══ Data extract ══

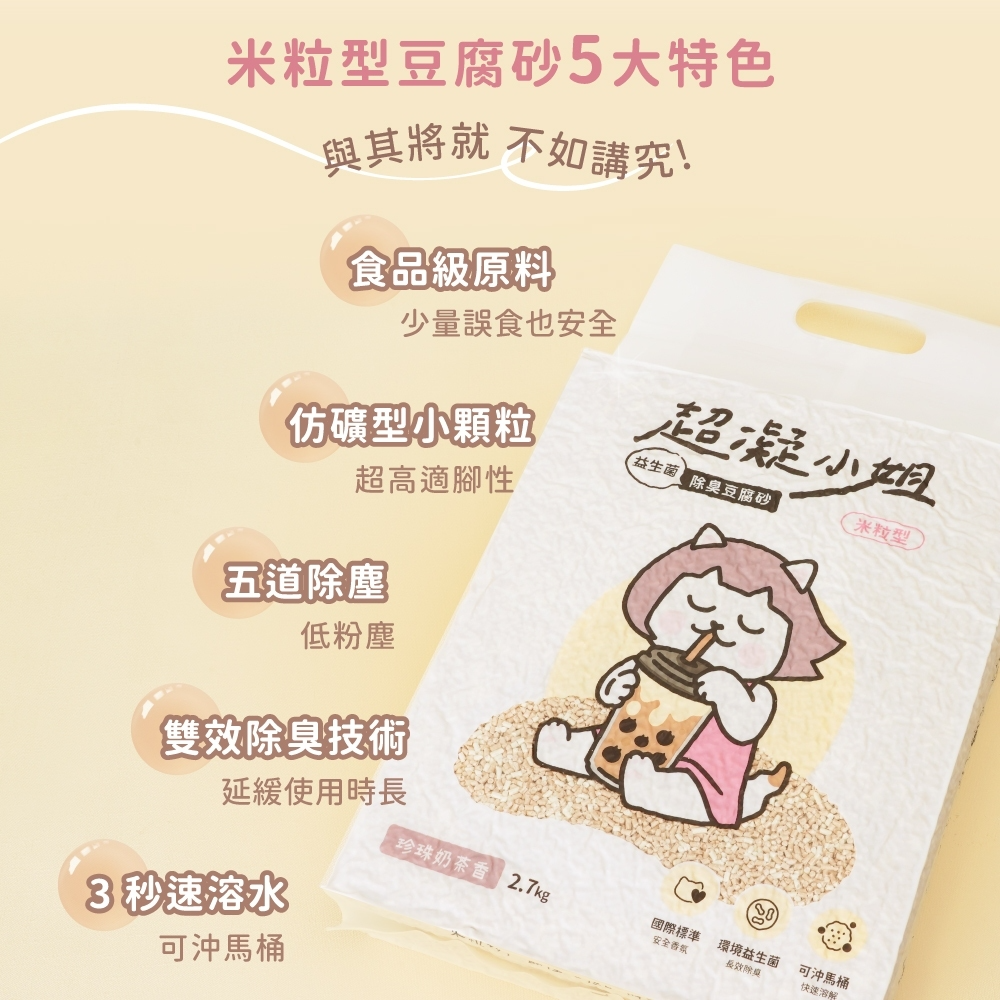 超凝小姐|益生菌除臭豆腐砂(7L) 貓砂 豆腐砂 可沖馬桶 快速凝結 低粉塵 香氛除臭 6包/箱 (箱購免運)
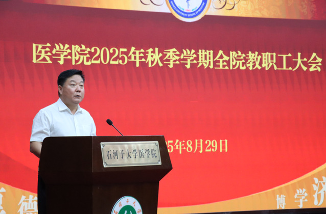 8月29日,医学院2025年秋季学期全院教职工大会在南区学术报告厅顺利召开。会议由党委副书记、院长马克涛主持,全体院领导班子成员参加会议。
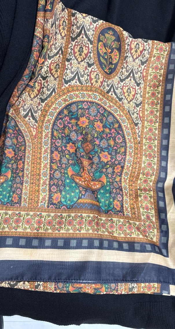 Kadınlar için çok renkli, koyu tonlarda bohem desenli tekstil kumaş şal. Çiçek ve tavuskuşu motifleriyle drapeli tasarım sunar.
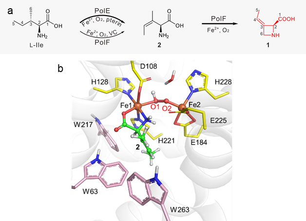 图1:a.聚肟酸的生物合成路径;b.去饱和异亮氨酸与PolF酶配位结构。
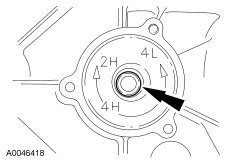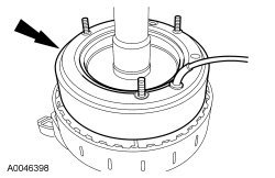 - Position the coil studs through the case holes, making sure the shift cam shaft is aligned with its case bore and the lockup shift fork spring is in position.
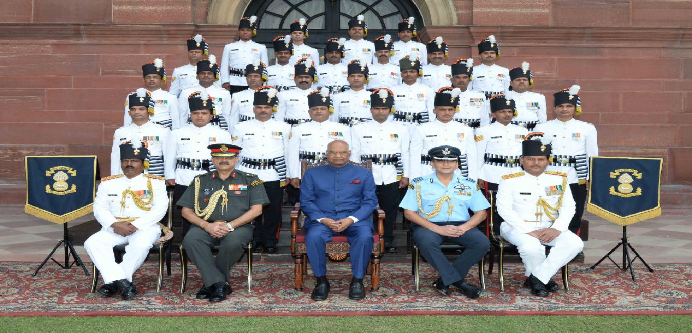 The President of India, Shri Ram Nath Kovind in a group photograph with the Grenadiers Military Band in attachment with Rashtrapati Bhavan, at Rashtrapati Bhavan on September 28, 2017.
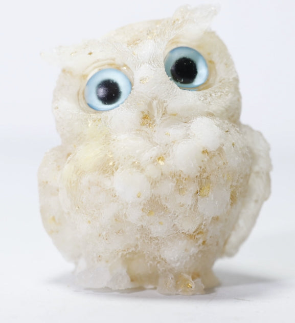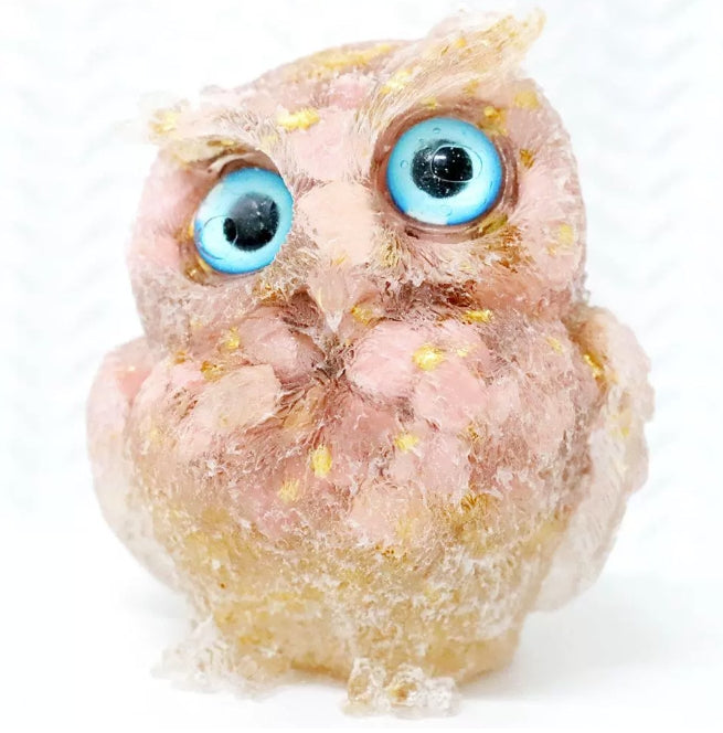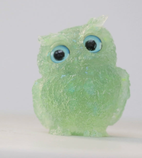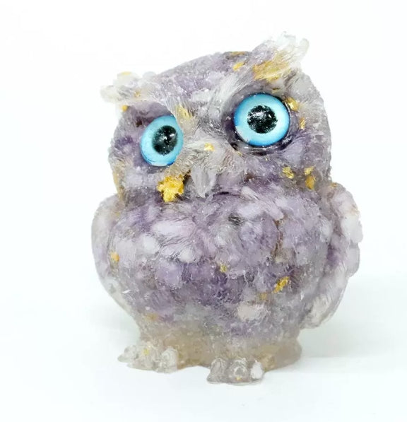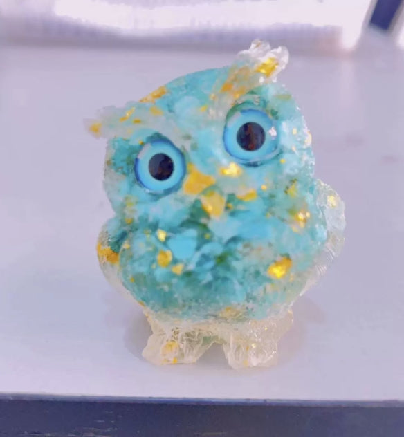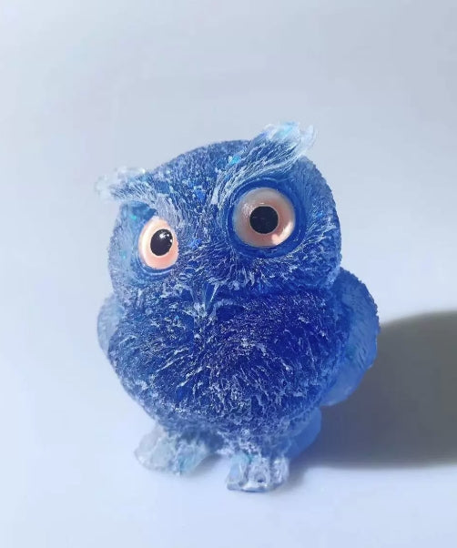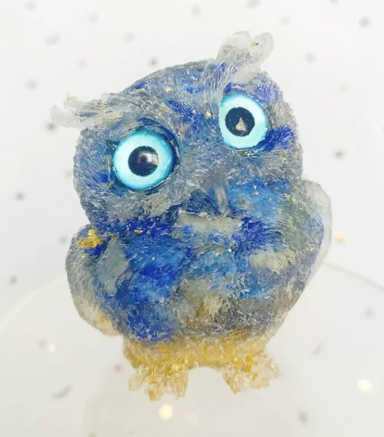 Handcrafted Resin Owl Sculpture with Crystal Details - Boho Home Decor, Desk Ornament, Unique Gift Idea
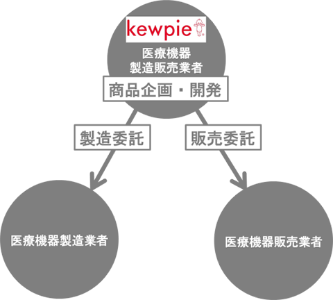 キユーピーは、医療機器製造販売業者として、商品設計・開発・製造・販売をトータルで管理する。
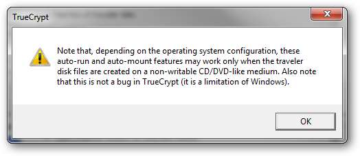 Observe que hay un archivo autorun.inf que se creó durante la instalación. Volviendo al cuadro de mensaje que dijimos que discutiríamos más adelante, esto está destinado a ejecutarse automáticamente cuando la unidad flash está conectada a la máquina host, sin embargo, la mayoría de las máquinas con Windows tienen la opción AutoRun desactivada (como debería), por lo que esto nunca se ejecutará . Debido a esto, tendrá que montar y desmontar su volumen TrueCrypt manualmente.
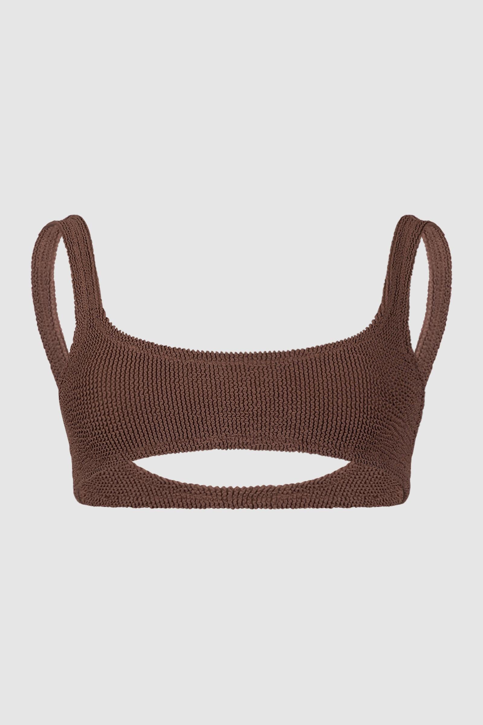 Dona un tocco bohémien e raffinato ai tuoi look da spiaggia con questo top bikini in crochet firmato St. Barth. Realizzato in maglia stretch lavorata a mano, presenta una forma bralette con spalline larghe e un taglio cut-out sotto il seno che aggiunge un twist moderno e sensuale. Perfetto per il mare, ma anche per un aperitivo vista tramonto abbinato a shorts o gonne leggere.
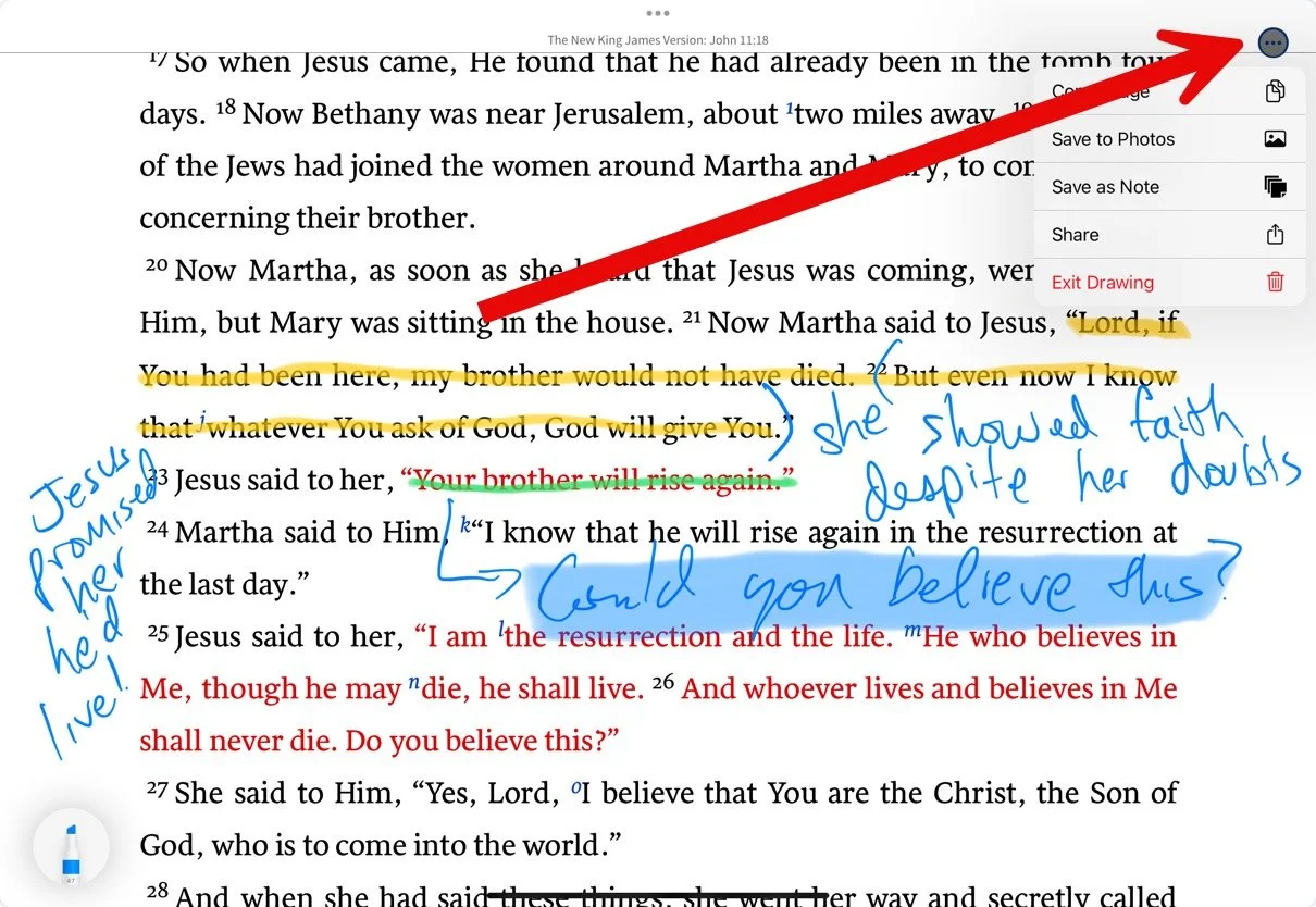 First, saving a Draw On Screen image in a note should be automatic or at least easier than it is. Add the option to the menu found when you tap on the icon in the upper right corner of the screen (three horizontal dots). That would offer the best option, or they could use the Share Sheet function in iOS to create a new note in Logos.

═══

- **Requirement**:
Give back the whole listing exactly, without pictures.

- **Result for this task**:
 超凝小姐|益生菌除臭豆腐砂(7L) 貓砂 豆腐砂 可沖馬桶 快速凝結 低粉塵 香氛除臭 6包/箱 (箱購免運)
 8月29日,医学院2025年秋季学期全院教职工大会在南区学术报告厅顺利召开。会议由党委副书记、院长马克涛主持,全体院领导班子成员参加会议。
 Kadınlar için çok renkli, koyu tonlarda bohem desenli tekstil kumaş şal. Çiçek ve tavuskuşu motifleriyle drapeli tasarım sunar.
 图1:a.聚肟酸的生物合成路径;b.去饱和异亮氨酸与PolF酶配位结构。
 - Position the coil studs through the case holes, making sure the shift cam shaft is aligned with its case bore and the lockup shift fork spring is in position.
 The President of India, Shri Ram Nath Kovind in a group photograph with the Grenadiers Military Band in attachment with Rashtrapati Bhavan, at Rashtrapati Bhavan on September 28, 2017.
 Handcrafted Resin Owl Sculpture with Crystal Details - Boho Home Decor, Desk Ornament, Unique Gift Idea
 キユーピーは、医療機器製造販売業者として、商品設計・開発・製造・販売をトータルで管理する。
 Observe que hay un archivo autorun.inf que se creó durante la instalación. Volviendo al cuadro de mensaje que dijimos que discutiríamos más adelante, esto está destinado a ejecutarse automáticamente cuando la unidad flash está conectada a la máquina host, sin embargo, la mayoría de las máquinas con Windows tienen la opción AutoRun desactivada (como debería), por lo que esto nunca se ejecutará . Debido a esto, tendrá que montar y desmontar su volumen TrueCrypt manualmente.
 Dona un tocco bohémien e raffinato ai tuoi look da spiaggia con questo top bikini in crochet firmato St. Barth. Realizzato in maglia stretch lavorata a mano, presenta una forma bralette con spalline larghe e un taglio cut-out sotto il seno che aggiunge un twist moderno e sensuale. Perfetto per il mare, ma anche per un aperitivo vista tramonto abbinato a shorts o gonne leggere.
 First, saving a Draw On Screen image in a note should be automatic or at least easier than it is. Add the option to the menu found when you tap on the icon in the upper right corner of the screen (three horizontal dots). That would offer the best option, or they could use the Share Sheet function in iOS to create a new note in Logos.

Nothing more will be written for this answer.